Matt's Third Project Update

Here’s my program so far:

Even though I don’t see as many milestones checked off as I would like, I feel like I’ve made a great deal of progress on this project. The first thing I worked on was to create a new class called “book” which would have all of the functions for importing and splicing the text files of the Project Gutenberg books. Once again, I used my tried and true method of printing each step as I go to make sure nothing was broken. I also decided to create a test file that was shorter than either of the two full books I uploaded, and I added “test sentences” to it to see if it calculated the most common words and sentences correctly. I got everything working right on the test file, so I tried it out on the full books, but it was causing an error on the H.L. Mencken book. It turned out I had to add a space to one of the lines in the file to make my program read it properly. The calculations for word count take quite a while, so I used Aaron’s “print processing” function from his printer module to show that the application hadn’t crashed. I plan to do something else

#Copied from Aaron Plocharczyk <https://silshack.github.io/summer2017/businessowl-project-update-stand-up-2.html>

def print_processing():
  print("Working on it...")
  time.sleep(1)

I am still confident that I can accomplish my goals, because the base caulculations are done. I need to visualize the statistics in a histogram, create a loop that allows for the user to compare several books at once. And display the most common words for each book. My milestones are the same as before.
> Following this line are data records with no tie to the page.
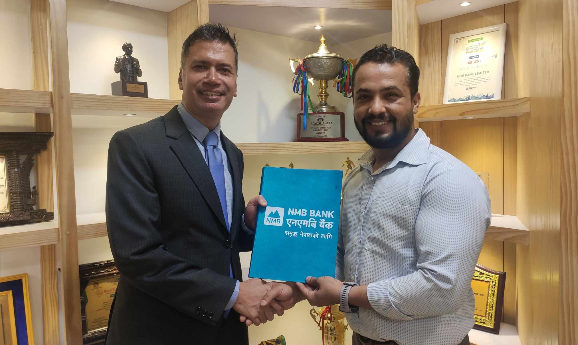 इन्डोर फुटबल ग्राउन्डमा तीन दिन सञ्चालन हुने यु १४ फुटबल प्रतियोगिताको लागि आयोजक कपअन स्पेर्ट्स सेन्टरले बुधबार एनएमबि बैंकसँग प्रायोजक सम्झौता गरेको छ । सम्झौता–पत्रमा कपअन स्पोर्ट्स सेन्टरका प्रमुख कार्यकारी अधिकृत दामोदर (बद्री) भट्टराई र एनएमबि बैंकका नायव प्रमुख कार्यकारी अधिकृत सुदेश उपाध्यायले हस्ताक्षर गर्नुभयो । कपअन स्पोर्ट्स सेन्टरले आफ्नै इन्डोर फुटबल ग्राउन्ड (बालुवाखानी, कपन) सहित राजधानीका विभिन्न स्थानमा युवा खेलाडी उत्पादनका लािग काठमाडौं किकर्स फुटबल एकेडेमी सञ्चालन गरिरहेको छ ।
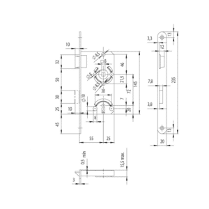 • Entraxe (serrure): 72 mm
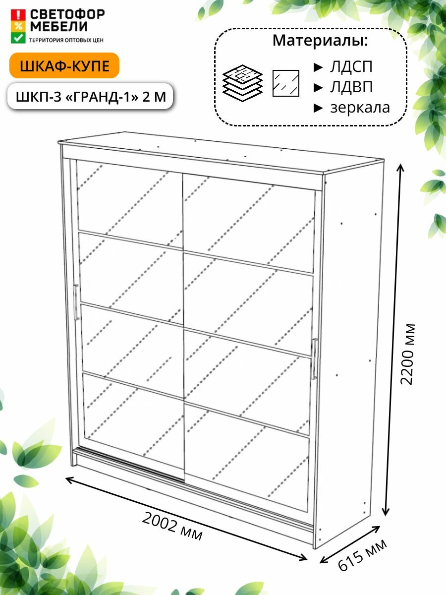 СохранитьШкаф-купе Мебельный рай ШКП 3 Гранд 1 с 2-мя зеркалами 2002х2200х615, Графит/Дуб вотан интересное:
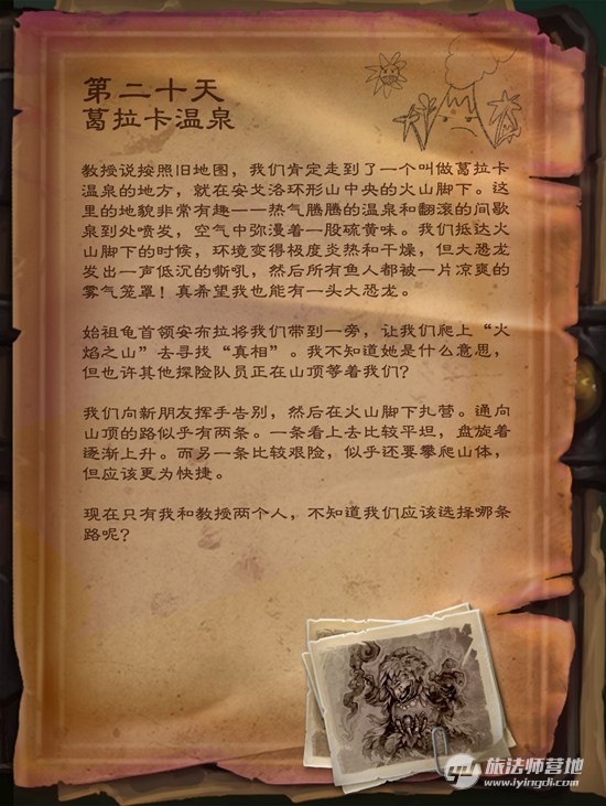 第5天。伊莉斯有个预感,失落之城就在葛拉卡温泉的深处。尼利潜了下去,发现了一个美丽的洞窟!也许鱼人不知道失落之城的入口,但它们身上肯定还有秘密。
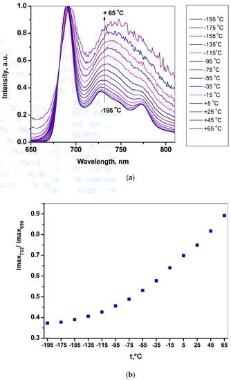 Temperature dependence of photoluminescence spectra for Cu-EtioP in polystyrene film. (a) The spectra measured using a Linkam cryostat with a 20 °C interval from −195 °C to 65 °C; (b) Temperature dependence of the PL intensity ratio (I732nm/I690nm) at band maxima.
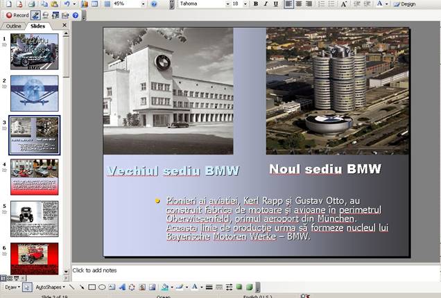 Diapozitivul 2: Contine date si localizarea vechiul dar si noul sediu BMW
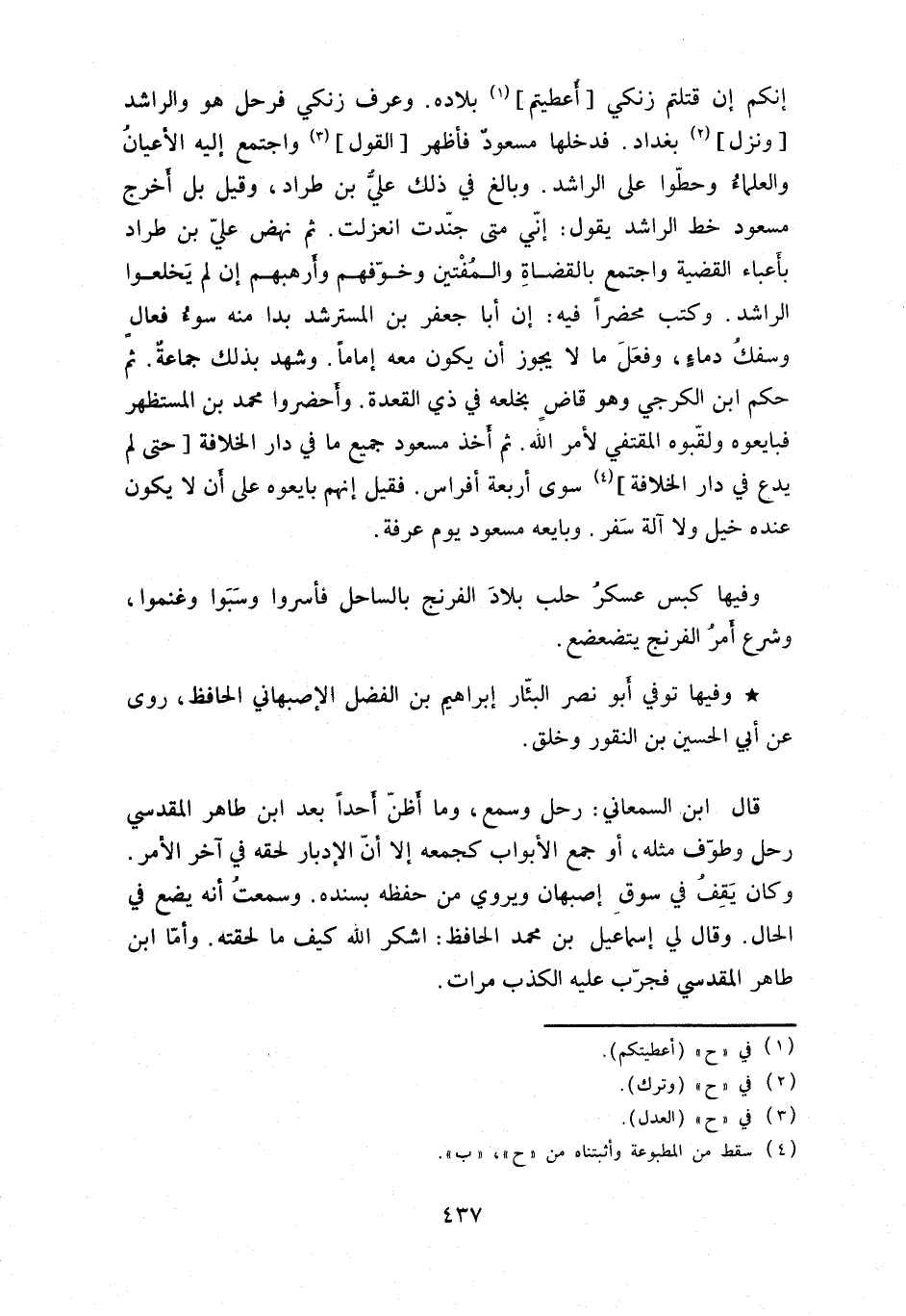 إنكم إن قتلتم زنكي أعطيتم بلاده. وعرف زنكي فرحل هو والراشد ونزل بغداد. فدخلها مسعودٌ فأظهر القول واجتمع إليه الأعيان والعلماء وحطّوا على الراشد. وبالغ في ذلك عليُّ بن طراد، وقيل بل أخرج مسعود خط الراشد يقول إني متى جندت انعزلت ثم نهض علي بن طراد بأعباء القضية واجتمع بالقضاة والمفتين وخوّفهم وأرهبهم إن لم يخلعوا الراشد. وكتب محضراً فيه: إن أبا جعفر بن المسترشد بدا منه سوء فعالٍ وسفك دماءٍ، وفعل مالا يجوز أن يكون معه إماماً. وشهد بذلك جماعةٌ. ثم حكم ابن الكرجي وهو قاضٍ بخلعه في ذي القعدة. وأحضروا محمد بن المستظهر فبايعوه ولقّبوه المقتفي لأمر الله. ثم أخذ مسعود جميع ما في دار الخلافة حتى لم يدع في دار الخلافة سوى أربعة أفراس. فقيل إنهم بايعوه على أن لا يكون عنده خيل ولا آلة سفر. وبايعه مسعود يوم عرفة.
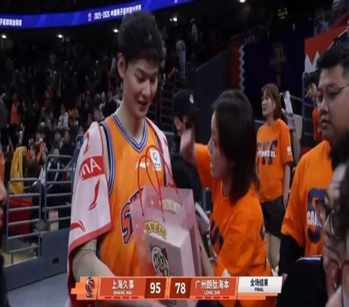 王哲林選擇把這個意義非凡的籃球送給場邊的小球迷,和他一起分享這一珍貴時刻。
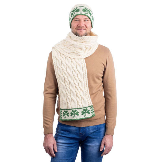 Irish Scarf | Merino Wool Cable Knit Shamrock Mens Scarf
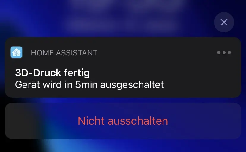 Ich besitze seit kurzem einen 3D Drucker - Artillery Genius. Ein ordentlicher Druck dauert mehrere Stunden und ist oftmals erst mitten in der Nacht fertiggestellt. Deshalb habe ich eine Automation in Home Assistant erstellt, welche mir per iOS Push Notification mitteilt, dass mein Druck fertig ist und per Default den Drucker nach 5 Minuten ausschaltet. Innerhalb dieser 5 Minuten habe ich die Möglichkeit den Ausschaltvorgang abzubrechen um z.B. einen weiteren Druck zu starten.
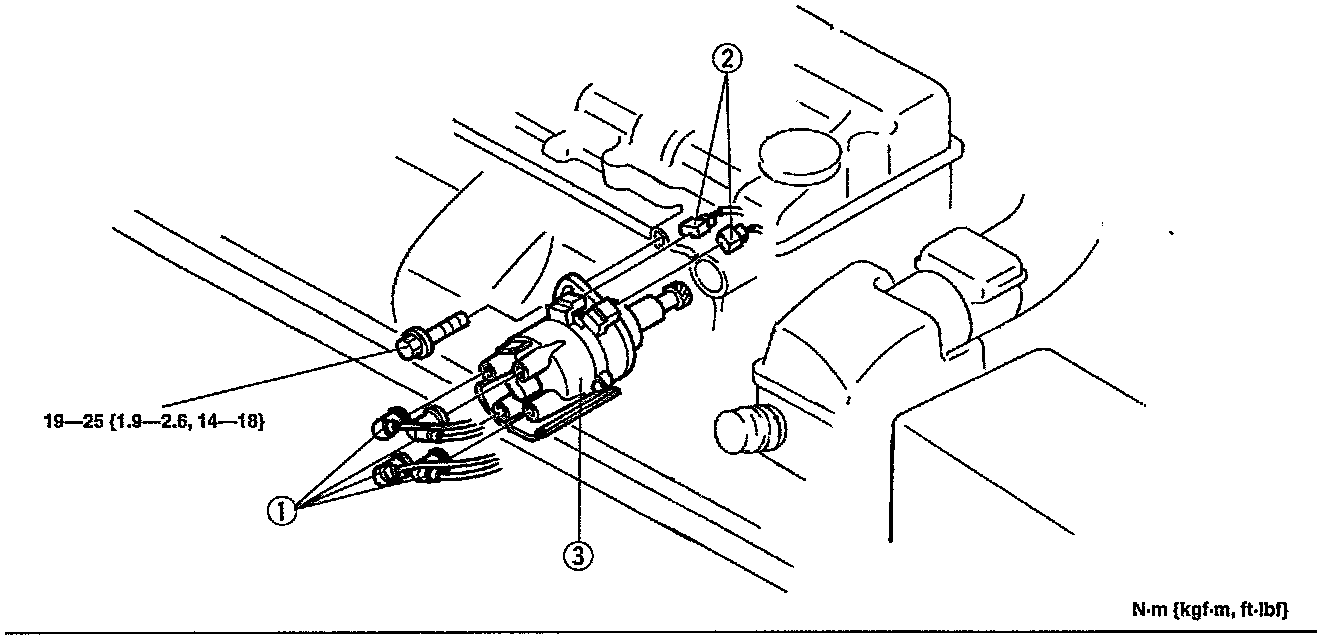 2. Install the distributor and connect the high-tension leads and distributor connector.
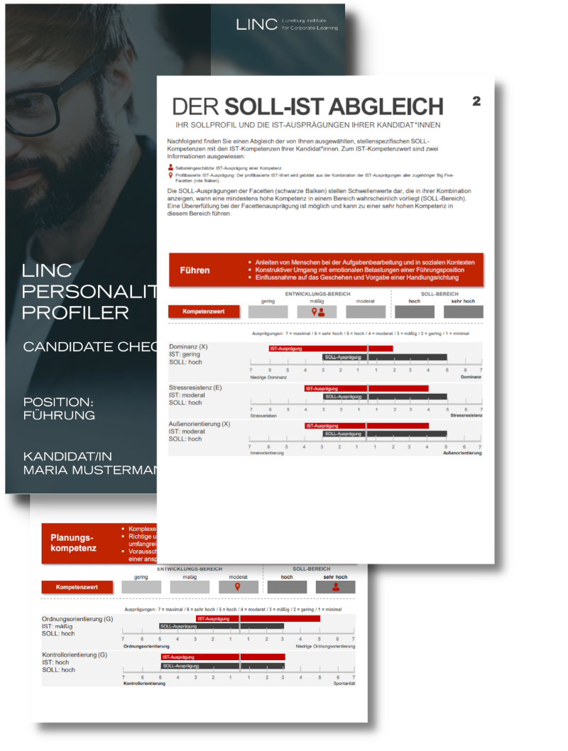 Die eigene Persönlichkeit besser verstehen und Selbstreflexion anstoßen. Der ca. 30-seitige individuelle Report enthält die Dimensionen der Big 5-Charaktereigenschaften, die Motivstruktur und Kompetenzen sowie Handlungsimpulse für die Bereiche Kommunikation, Arbeitsstil, Verhandlung und Führung. Ergänzend gibt es Hinweise zur Fremdwahrnehmung (Wie wirke ich auf Andere?) sowie zum Lernen von Anderen (Was kann ich von anderen Stilen lernen?).
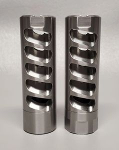 Here is a little run down on how brakes work and why mine are more effective.....gases from a rifle typically exit the muzzle following the bullet but dissipate rapidly when they exit the barrel because of how light they are. A muzzle brake redirects those gases to reduce the recoil. Brakes that have baffles/holes angled forward are less effective then those that are 90 degrees to the bullet travel and those that angle back are more effective then those at 90 degrees. If you squirt a garden hose into your hand with your fingers barely bent it hardly deflects the water. As you bend your fingers more it "grabs" more water. When you make a full cup out of your hand it captures the most water. Muzzle brakes work the same way. My brakes are more effective because the ports are angled back towards the shooter capturing the most gas and using it to pull the rifle forward. While no brake is really ear safe, brakes like mine, can be even harder on the ears because of how the gases/concussion are redirected. They do not change the decible level of the gun but it changes where that noise goes, like changing the direction of the water in the example above, which appears to make the brake louder. I do not recommend shooting any brake without hearing protection as they WILL cause hearing damage no matter the angle of the ports. Loud is loud and guns are loud enough to cause hearing damage without a brake. The up side to having the ports out to the side or back towards the shooter is that game animals have a harder time locating where the shot came from and many times they will run towards you. If you want to shoot without hearing protection I highly suggest purchasing a suppressor as muzzle brakes are not hearing safe.
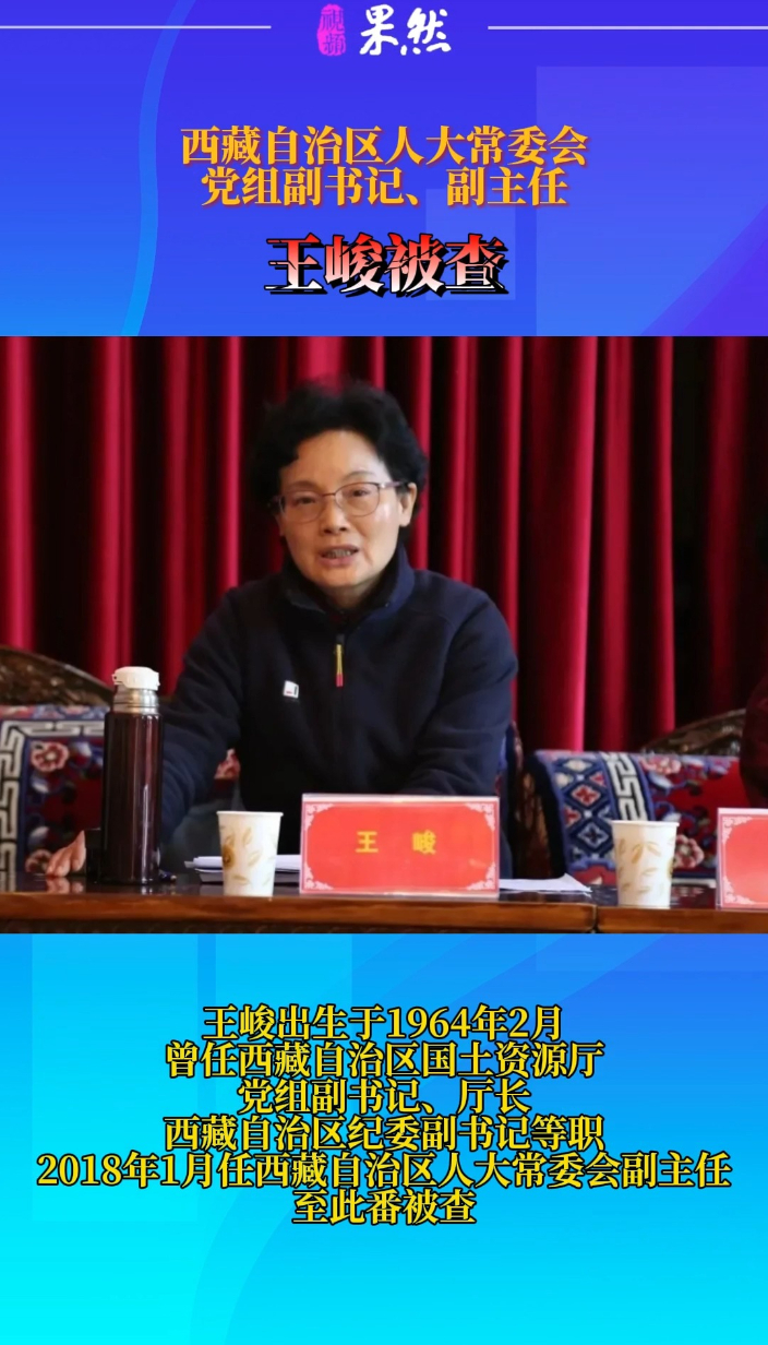 观政视频|西藏自治区人大常委会党组副书记、副主任王峻被查 昨天18:19 原创齐鲁晚报·齐鲁壹点客户端 微信扫码扫码下载客户端中央纪委国家监委网站12月24日消息,西藏自治区人大常委会党组副书记、副主任王峻涉嫌严重违纪违法,目前正接受中央纪委国家监委纪律审查和监察调查。

I feel I can accomplish them in time:

[X] Read Project Gutenberg text file.
[X] Isolate the relevant text from the file.
[X] Calculate average word, sentence, paragraph lengths
[X] Store these statistics for comparison to other files.
Visualize the data with histograms.
Save the statistics in a new file.

Advanced milestones:

Add abilitiy to enter a URL to store a new Project Gutenberg book into the program and perform the same analysis.